Instructions to follow - Copy out exactly the lines below that run from the one holding "mojito吉他谱 - 周杰伦 - C调吉他弹唱谱" to the one holding "W zestawie Tomek, wagon", keeping both of those lines and no others.

Source data -

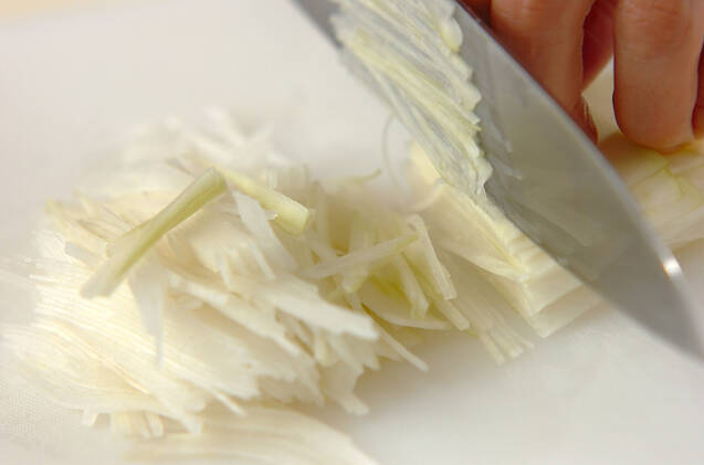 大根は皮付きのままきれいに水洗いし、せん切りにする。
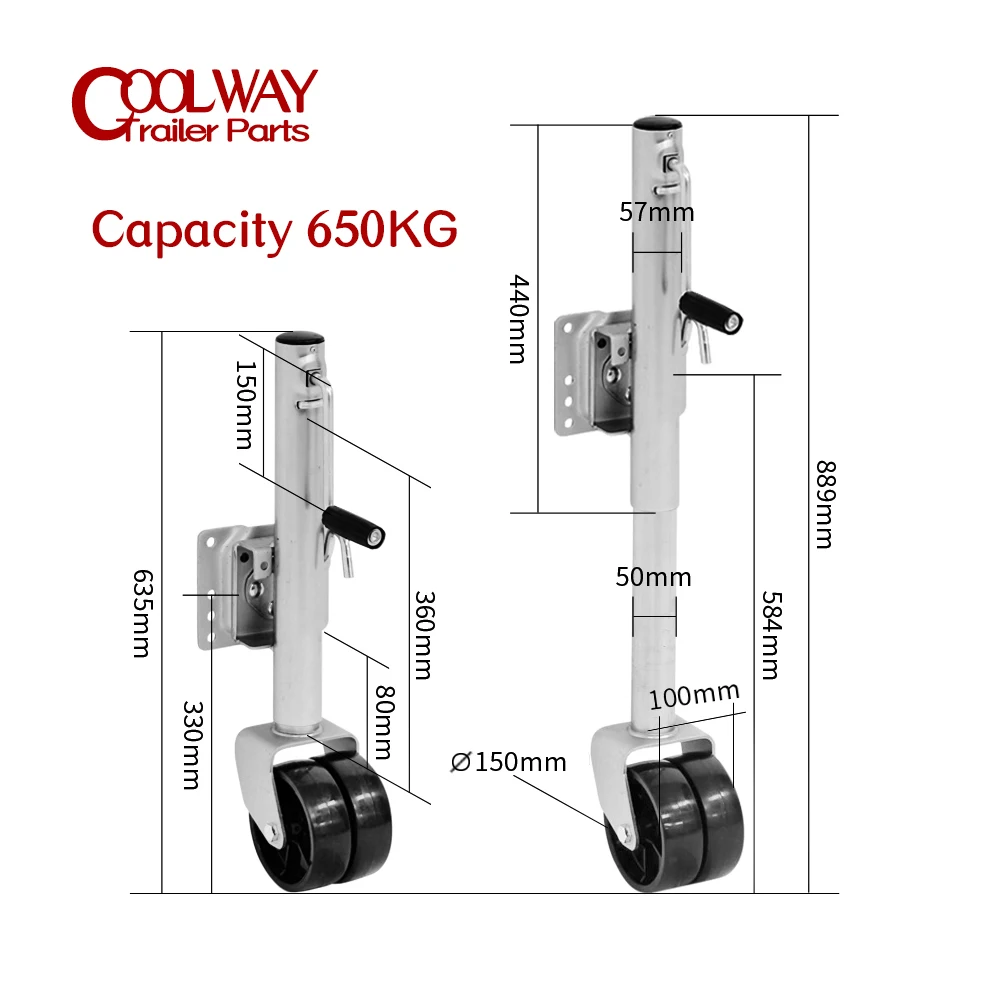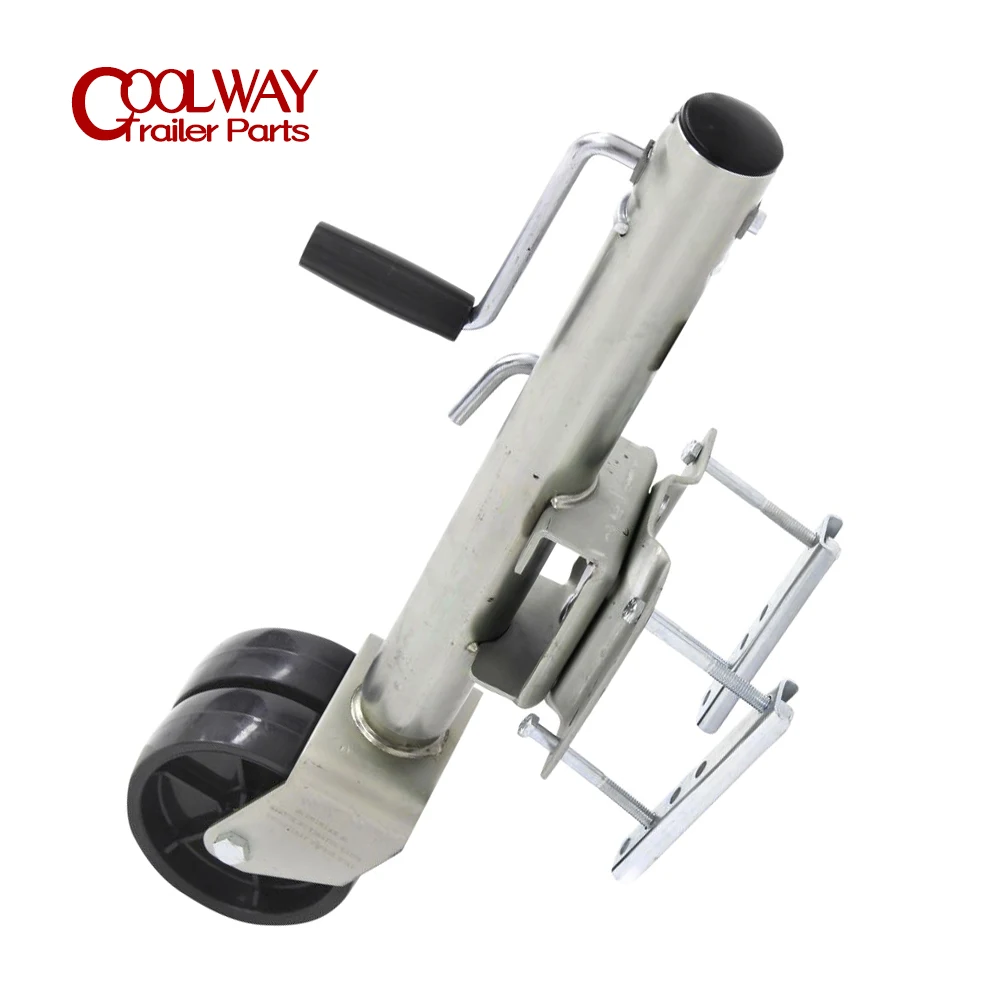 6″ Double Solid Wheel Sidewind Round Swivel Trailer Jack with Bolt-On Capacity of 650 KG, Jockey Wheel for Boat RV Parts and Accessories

==

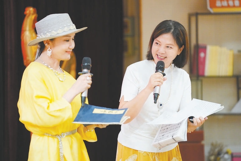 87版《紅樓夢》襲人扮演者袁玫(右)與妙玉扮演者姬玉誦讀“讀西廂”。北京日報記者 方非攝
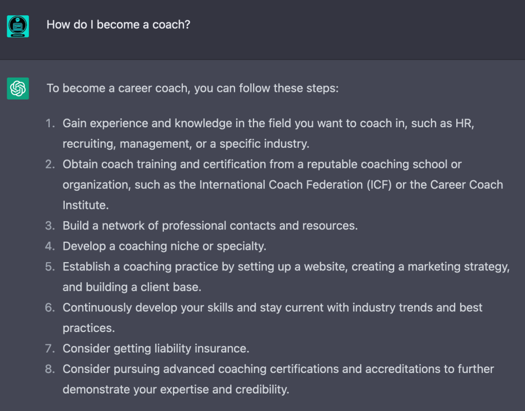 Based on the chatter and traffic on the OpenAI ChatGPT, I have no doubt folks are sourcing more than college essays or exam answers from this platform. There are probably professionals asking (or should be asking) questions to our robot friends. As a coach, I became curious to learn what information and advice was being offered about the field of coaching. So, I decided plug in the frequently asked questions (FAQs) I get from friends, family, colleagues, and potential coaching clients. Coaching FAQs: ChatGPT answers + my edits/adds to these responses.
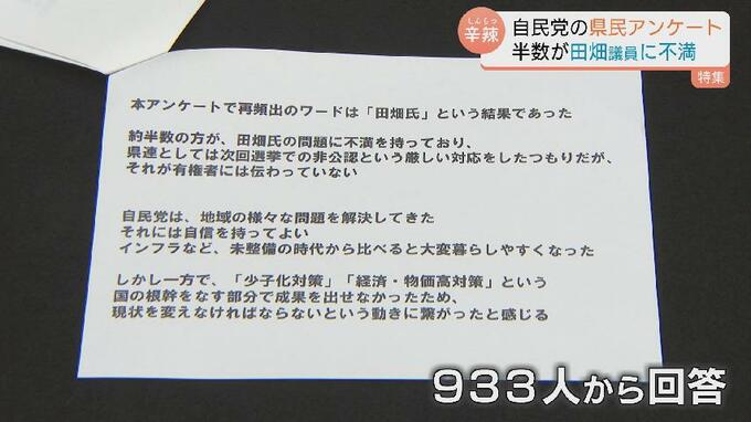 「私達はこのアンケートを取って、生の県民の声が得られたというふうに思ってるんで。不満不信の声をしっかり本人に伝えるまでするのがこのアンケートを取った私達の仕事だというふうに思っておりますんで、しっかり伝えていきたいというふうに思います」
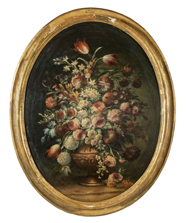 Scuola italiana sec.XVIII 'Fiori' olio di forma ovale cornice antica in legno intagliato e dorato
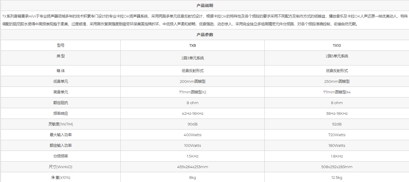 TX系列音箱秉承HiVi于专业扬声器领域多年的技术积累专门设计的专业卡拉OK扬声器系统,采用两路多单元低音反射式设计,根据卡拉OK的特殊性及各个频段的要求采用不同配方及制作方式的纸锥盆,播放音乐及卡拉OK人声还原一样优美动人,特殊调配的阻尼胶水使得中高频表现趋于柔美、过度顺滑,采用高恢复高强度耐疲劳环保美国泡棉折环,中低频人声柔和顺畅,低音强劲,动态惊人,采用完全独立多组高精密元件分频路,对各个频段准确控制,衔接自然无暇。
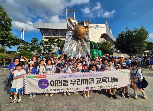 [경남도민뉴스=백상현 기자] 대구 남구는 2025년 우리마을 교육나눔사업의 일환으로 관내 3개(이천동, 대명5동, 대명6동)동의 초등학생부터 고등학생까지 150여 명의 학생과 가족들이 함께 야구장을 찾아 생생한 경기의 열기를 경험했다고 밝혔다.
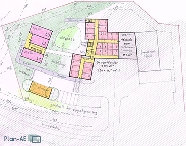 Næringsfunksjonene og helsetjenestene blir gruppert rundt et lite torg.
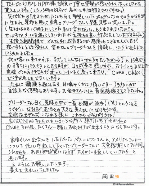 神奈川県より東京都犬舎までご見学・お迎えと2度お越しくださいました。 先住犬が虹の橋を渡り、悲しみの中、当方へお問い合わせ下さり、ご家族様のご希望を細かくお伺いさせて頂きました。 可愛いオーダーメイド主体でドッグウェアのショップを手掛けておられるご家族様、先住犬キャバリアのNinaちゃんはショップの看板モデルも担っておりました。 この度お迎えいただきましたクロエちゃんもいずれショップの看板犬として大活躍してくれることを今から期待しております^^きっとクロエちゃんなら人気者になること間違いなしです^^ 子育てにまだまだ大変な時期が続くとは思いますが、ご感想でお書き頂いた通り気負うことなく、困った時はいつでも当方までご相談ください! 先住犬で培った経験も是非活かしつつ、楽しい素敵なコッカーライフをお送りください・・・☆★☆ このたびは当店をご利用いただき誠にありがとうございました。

==

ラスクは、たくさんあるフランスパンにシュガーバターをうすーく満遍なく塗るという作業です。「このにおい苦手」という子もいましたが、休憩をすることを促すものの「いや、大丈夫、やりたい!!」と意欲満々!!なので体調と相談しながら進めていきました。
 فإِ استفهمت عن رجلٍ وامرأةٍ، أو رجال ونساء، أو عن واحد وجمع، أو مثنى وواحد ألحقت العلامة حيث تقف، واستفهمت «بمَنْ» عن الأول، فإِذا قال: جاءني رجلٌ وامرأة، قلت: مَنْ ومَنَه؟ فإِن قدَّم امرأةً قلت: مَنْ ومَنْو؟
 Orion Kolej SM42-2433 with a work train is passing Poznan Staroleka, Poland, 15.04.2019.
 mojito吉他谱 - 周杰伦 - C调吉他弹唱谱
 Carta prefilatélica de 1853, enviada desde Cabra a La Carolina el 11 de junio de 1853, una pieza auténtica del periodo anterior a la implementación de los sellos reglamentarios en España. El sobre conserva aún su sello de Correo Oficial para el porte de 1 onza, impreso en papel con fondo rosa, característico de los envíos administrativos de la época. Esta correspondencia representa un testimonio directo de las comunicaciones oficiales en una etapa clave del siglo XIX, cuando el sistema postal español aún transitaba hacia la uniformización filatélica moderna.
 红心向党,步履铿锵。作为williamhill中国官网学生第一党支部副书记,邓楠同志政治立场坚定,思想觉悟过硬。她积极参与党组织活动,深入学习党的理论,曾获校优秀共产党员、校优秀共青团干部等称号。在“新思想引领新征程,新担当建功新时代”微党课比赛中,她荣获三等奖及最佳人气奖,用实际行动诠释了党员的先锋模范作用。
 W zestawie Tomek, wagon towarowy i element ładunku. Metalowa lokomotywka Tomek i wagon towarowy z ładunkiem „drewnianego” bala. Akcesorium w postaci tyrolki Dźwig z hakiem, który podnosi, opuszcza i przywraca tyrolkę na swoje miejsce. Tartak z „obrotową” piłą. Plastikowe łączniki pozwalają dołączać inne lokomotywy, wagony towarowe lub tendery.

Task answer -
 mojito吉他谱 - 周杰伦 - C调吉他弹唱谱
 Carta prefilatélica de 1853, enviada desde Cabra a La Carolina el 11 de junio de 1853, una pieza auténtica del periodo anterior a la implementación de los sellos reglamentarios en España. El sobre conserva aún su sello de Correo Oficial para el porte de 1 onza, impreso en papel con fondo rosa, característico de los envíos administrativos de la época. Esta correspondencia representa un testimonio directo de las comunicaciones oficiales en una etapa clave del siglo XIX, cuando el sistema postal español aún transitaba hacia la uniformización filatélica moderna.
 红心向党,步履铿锵。作为williamhill中国官网学生第一党支部副书记,邓楠同志政治立场坚定,思想觉悟过硬。她积极参与党组织活动,深入学习党的理论,曾获校优秀共产党员、校优秀共青团干部等称号。在“新思想引领新征程,新担当建功新时代”微党课比赛中,她荣获三等奖及最佳人气奖,用实际行动诠释了党员的先锋模范作用。
 W zestawie Tomek, wagon towarowy i element ładunku. Metalowa lokomotywka Tomek i wagon towarowy z ładunkiem „drewnianego” bala. Akcesorium w postaci tyrolki Dźwig z hakiem, który podnosi, opuszcza i przywraca tyrolkę na swoje miejsce. Tartak z „obrotową” piłą. Plastikowe łączniki pozwalają dołączać inne lokomotywy, wagony towarowe lub tendery.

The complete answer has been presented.